## Exercise objective:
Output exactly the lines below, starting with the line that has "El féretro cerrado" and going on through the line that has "Moderna konzolna mizica, geometrijski", both included, and no other lines.

## Information shown:
====

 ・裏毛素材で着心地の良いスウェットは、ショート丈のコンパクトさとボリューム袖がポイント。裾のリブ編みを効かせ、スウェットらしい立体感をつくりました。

====

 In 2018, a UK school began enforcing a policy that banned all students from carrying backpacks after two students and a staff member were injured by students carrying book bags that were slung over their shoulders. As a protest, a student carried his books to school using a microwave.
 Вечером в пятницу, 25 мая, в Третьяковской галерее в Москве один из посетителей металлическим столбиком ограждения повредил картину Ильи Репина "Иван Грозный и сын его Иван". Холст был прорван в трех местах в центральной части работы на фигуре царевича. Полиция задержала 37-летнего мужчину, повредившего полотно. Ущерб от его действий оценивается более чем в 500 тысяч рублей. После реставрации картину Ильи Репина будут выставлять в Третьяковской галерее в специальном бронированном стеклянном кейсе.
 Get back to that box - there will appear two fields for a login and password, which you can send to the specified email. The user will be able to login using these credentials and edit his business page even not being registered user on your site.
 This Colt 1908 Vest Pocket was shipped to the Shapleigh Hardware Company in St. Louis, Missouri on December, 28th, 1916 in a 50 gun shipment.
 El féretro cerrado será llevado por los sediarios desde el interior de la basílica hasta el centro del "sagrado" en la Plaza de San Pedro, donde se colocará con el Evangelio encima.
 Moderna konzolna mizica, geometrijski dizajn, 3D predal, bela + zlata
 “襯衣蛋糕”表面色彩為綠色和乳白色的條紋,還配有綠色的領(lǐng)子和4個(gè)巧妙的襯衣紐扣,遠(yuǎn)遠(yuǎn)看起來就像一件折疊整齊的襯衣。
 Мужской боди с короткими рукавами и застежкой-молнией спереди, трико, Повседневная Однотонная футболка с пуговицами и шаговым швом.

====

## Response below:
 El féretro cerrado será llevado por los sediarios desde el interior de la basílica hasta el centro del "sagrado" en la Plaza de San Pedro, donde se colocará con el Evangelio encima.
 Moderna konzolna mizica, geometrijski dizajn, 3D predal, bela + zlata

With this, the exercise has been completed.